- Born: David John Pyatt 26 September 1973 (age 52) Watford, England
- Genres: Classical
- Instrument: French horn

= David Pyatt =

British hornist (born 1973)

David John Pyatt (born 26 September 1973) is a horn player from Watford, England. In 1988, aged 14, he became the then youngest winner of the BBC Young Musician of the Year competition. In 1996 Gramophone Magazine announced David Pyatt as their Young Artist of the Year. Pyatt studied at Watford Grammar School for Boys, followed by Selwyn College, Cambridge.

His subsequent solo career saw his debut at the BBC Proms in 1993 performing Strauss' Second Horn Concerto. In 2004, he played Strauss' First Horn Concerto at the Last Night of The Proms, and also appeared at the Edinburgh Festival playing Weber's Concertino for Horn and Orchestra.

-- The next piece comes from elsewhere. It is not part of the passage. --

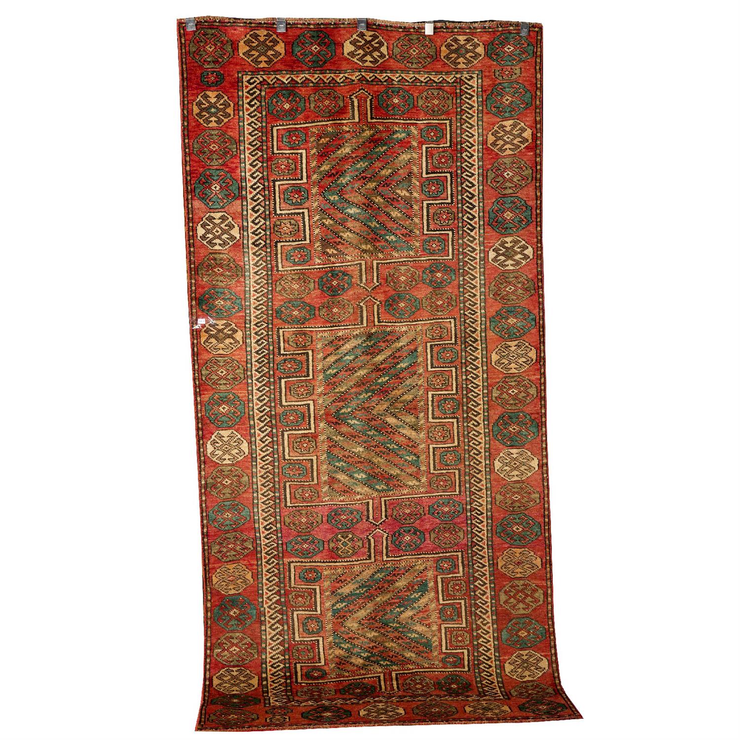 A TRIBAL PERSIAN HAMADAN AVAJ RUG, 100% HAND-SPUN WOOL PILE, NATURAL DYES, VILLAGE WEAVE WITH A TRIBAL DESIGN OF TRIPLE ANCHORED MEDALLIONS ON A RED FIELD OF ROSETTES. ORIGIN: PERSIA (287 X 139 CM) (LEONARD JOEL DELIVERY SIZE: LARGE)

Pyatt was Principal Horn of the London Symphony Orchestra from the 1998/9 season.

In 2013, Pyatt joined the London Philharmonic Orchestra as joint principal. In 2019, he was appointed principal horn of the Orchestra of the Royal Opera House, Covent Garden.

Pyatt is Patron of Watford Philharmonic, as he grew up and still lives, in the area.